De Palma recourt classiquement à la condensation de plusieurs épisodes en un seul. Ainsi, l'argent qui permet à la police d'augmenter les salaires est acquis en truquant le match de boxe alors que dans le roman ce sont, contre toute attente, l'enthousiasme suscité par ce match et le passage surprise de la proposition B qui rapportent. De même, si Bucky se couche devant Lee, dans le livre, c'est de lui-même, pour payer la retraite de son père et effacer ses remords de trahison. Il se trouvera surpris d'être accepté aux mandats alors que, dans le film, c'est une contrepartie normale de sa corruption.

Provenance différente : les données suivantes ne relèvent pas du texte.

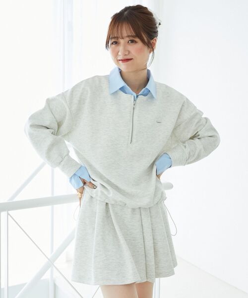 トップスは柔らかなスウェット素材と軽やかなシャツ地をドッキングしたコントラストが映えて、レイヤード風のデザインが視線を惹きつけます。
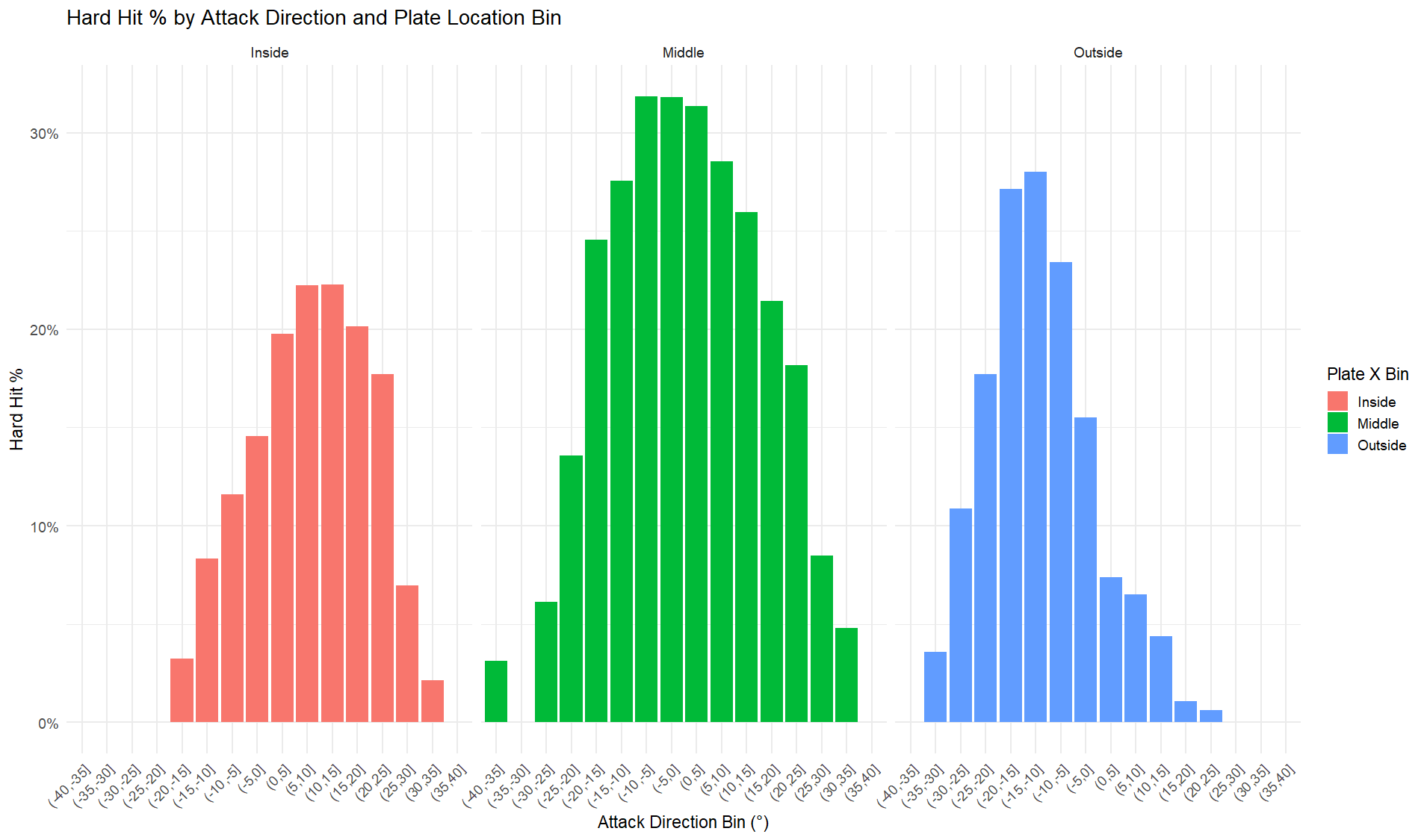 Let’s take a step back and look at all three lanes—outside, middle, and inside—and examine how hitters perform across them. Specifically, we’re looking at hard-hit rates on balls in play and comparing those to attack direction within each lane.
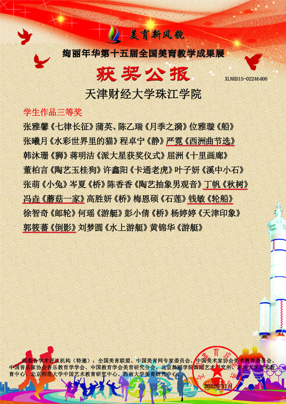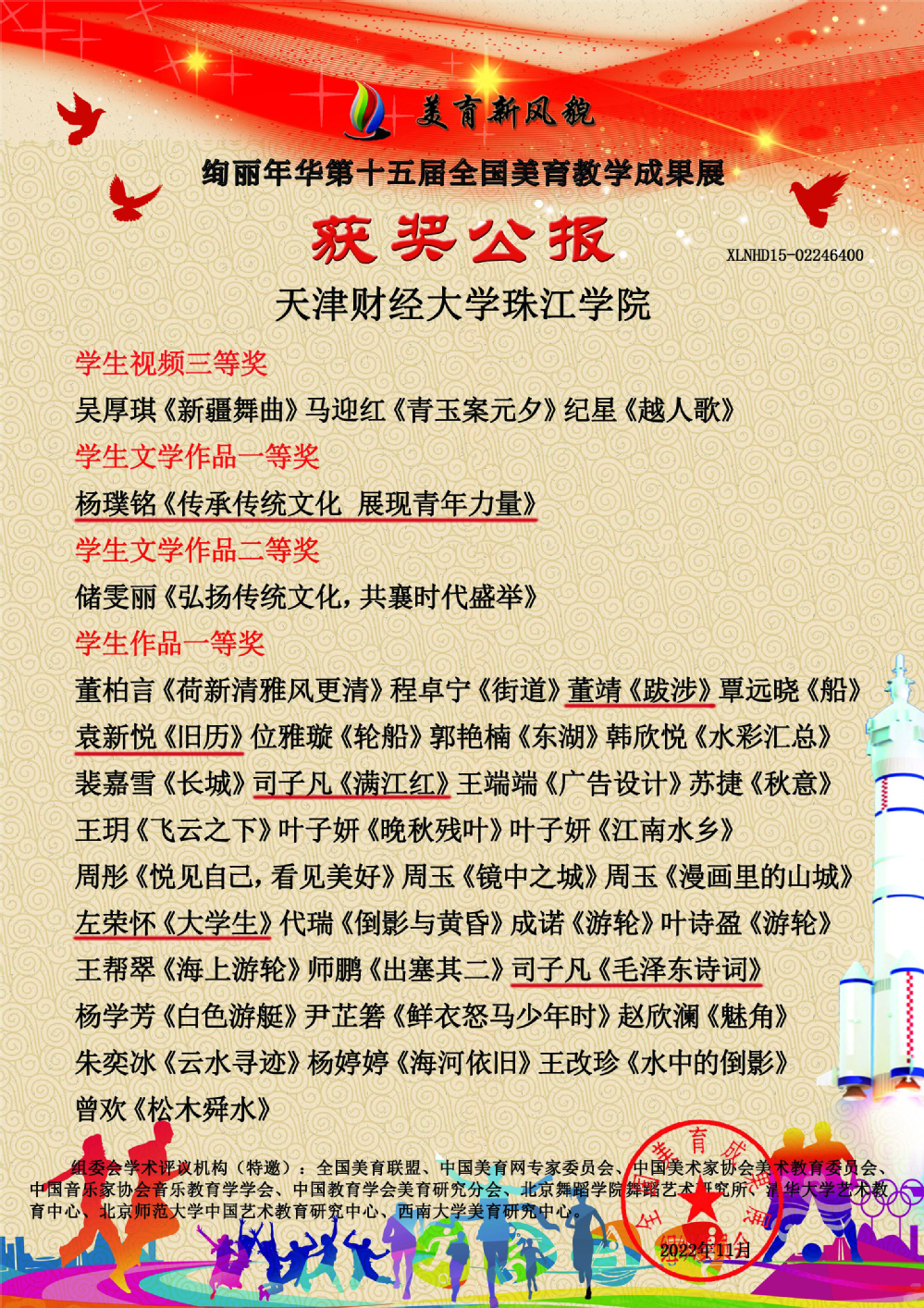 经济学院积极落实学院美育工作,践行立德树人根本任务,充分发挥美育功能,面向全年级学生进行宣传美育新风尚·第二届珠江美育教学成果展活动。经济学院共29名学生参加本次美育活动,共提交35件作品,作品涵盖美育教学成果类、美术类、中华优秀传统文化类。通过学院评委组推荐,最终,经济学院18名学生共计21件作品在美丽新风貌·绚丽年华第十五届全国美育教学成果展评中获奖,获一等奖6件、二等奖9件、三等奖6件。

Du noir et blanc de la page à celui, atténué, du cinéma

Brian De Palma termine son Dahlia noir par trois séquences où la couleur et la lumière génèrent une émotion que la littérature ne peut rendre. Elles sont l'aboutissement d'un film où, comme d'habitude chez lui, ce qui compte est la réinterprétation mentale et morale du monde. Bucky doit en effet faire face à une vérité moins tranchée et structurante qu'il espérait.

C'est d'abord l'opposition entre Monsieur Feu et Monsieur Glace auquel il doit cesser de s'identifier complaisamment après la mort de Lee. C'est ensuite celle entre rêve et réalité dépravée qui s'incarne dans sa relation avec les Linscott. Ceux-ci ont construit Hollywood avec le bois pourri des studios de Mack Sennett. La célèbre inscription « Hollywoodland », sur la colline de Los Angeles, et, juste endessous, les constructions où a eu lieu le drame, figurent la schizophrénie à laquelle sont confrontés tous ceux qui fréquentent cette cité des rêves.

La troisième opposition à laquelle est confronté Bucky est celle entre innocence et perversion, incarnée par les révélations successives sur Kay et Madeleine. Abattre Madeleine est moins un choix moral que mental. Il n'est en effet pas très juste d'éliminer une femme qui, après tout, n'avait fait que supprimer le maître-chanteur de celui qui était son faux père et son vraisemblable amant. L'abattre est plus une question de survie, l'abandon de l'indécision permanente qui l'aurait amené à toujours osciller dans l'entre-deux. Madeleine est bien cet Ange noir, titre du film de Roy William Neill avec Peter Lorre (Black Angel, 1946) que l'on voit inscrit au néon devant le cinéma de la rue des bars lesbiens, le soir où Bucky va la rencontrer pour la première fois.

La résolution du traumatisme dans les trois dernières séquences passe d'abord par une scène très noire chez les Linscott. Bucky y abat les œuvres d'arts pour faire tomber la vérité. Puis apparaît un flash mental avec le corbeau sur le corps du Dahlia noir. Lorsqu'il retrouve ensuite Kay, celle-ci est sur-éclairée. Il faut attendre son « Come inside » salvateur pour qu’elle perde la blancheur excessive avec laquelle le cinéaste la surexpose une dernière fois, dans une sorte d'adieu définitif à un monde trop contrasté. Faisant fi du contraste entre l'ange noir et l'ange blond, De Palma adoucit la lumière et laisse Bucky entrer dans un réel enfin apaisé, où les oppositions se sont atténuées.